Yolo App - Tesseract Optical Character Recognition

Shenzhen, China

  1. Prepare your Images and get Data
  2. Train your Tensorflow Model
  3. Use your Model to do Predictions
  4. Use Tesseract to Read Number Plates
  5. Flask Web Application
  6. Yolo v5 - Data Prep

Now that I have the Tensorflow model that finds number plates inside images I can use OpenCV to cut them out and hand them over to Tesseract - see Install Tesseract on Arch LINUX - to apply some Optical Character Recognition (OCR).

Load an Image

import pytesseract as pt

path = './test_images/index10.jpg'
image, cods = object_detection(path)

plt.figure(figsize=(10,8))
plt.imshow(image)
plt.show()

Tesseract OCR

Extract Number Plate

img = np.array(load_img(path))
xmin ,xmax,ymin,ymax = cods[0]
roi = img[ymin:ymax,xmin:xmax]
plt.imshow(roi)
print('Original')
plt.show()

Tesseract OCR

Data Preprocessing

Depending on the image source we might have to add some processing to the extracted region of interest to make it more readable:

# Turn grayscale
gray_roi = cv2.cvtColor(roi, cv2.COLOR_BGR2GRAY)
gray_roi = cv2.bitwise_not(gray_roi)

# threshold the image, setting all foreground pixels to
# 255 and all background pixels to 0 (invert)
thresh_roi = cv2.threshold(gray_roi, 0, 255, cv2.THRESH_BINARY | cv2.THRESH_OTSU)[1]
plt.imshow(thresh_roi)
print('Threshold')
plt.show()

canny_roi = cv2.Canny(roi, 85, 255)
plt.imshow(canny_roi)
print('Canny')
plt.show()

Tweak the thresholds until you get the best OCR results for your use case:

Tesseract OCR

Use Tesseract

# OCR the ROI using Tesseract
text_roi = pt.image_to_string(roi)
print('Original:',text_roi)
text_thresh = pt.image_to_string(thresh_roi)
print('Threshold:',text_thresh)
text_canny = pt.image_to_string(canny_roi)
print('Canny:',text_canny)

Threshold gives me the best results for the given image, while canny fails completely.
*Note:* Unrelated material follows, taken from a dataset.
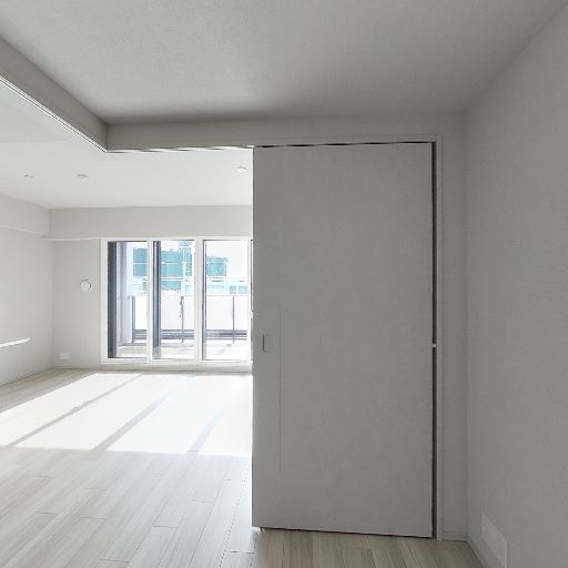 • 採光と視界の抜け(確度73%):奥の居室側に大きめの窓が見え、室内に自然光が届いている。床面の明るさから日中は十分に明るいと推測される。

Your results will differ depending on your image source:

Original: i ~HR26I]KOB30|

Threshold: i\ HR26DK0830

Canny:

Skew Detection and Correction

THIS DOES NOT WORK: I will have to look into this more - the method by pyimagesearch seems to be distracted when the text is not only rotated but there is also some perspective shift on it.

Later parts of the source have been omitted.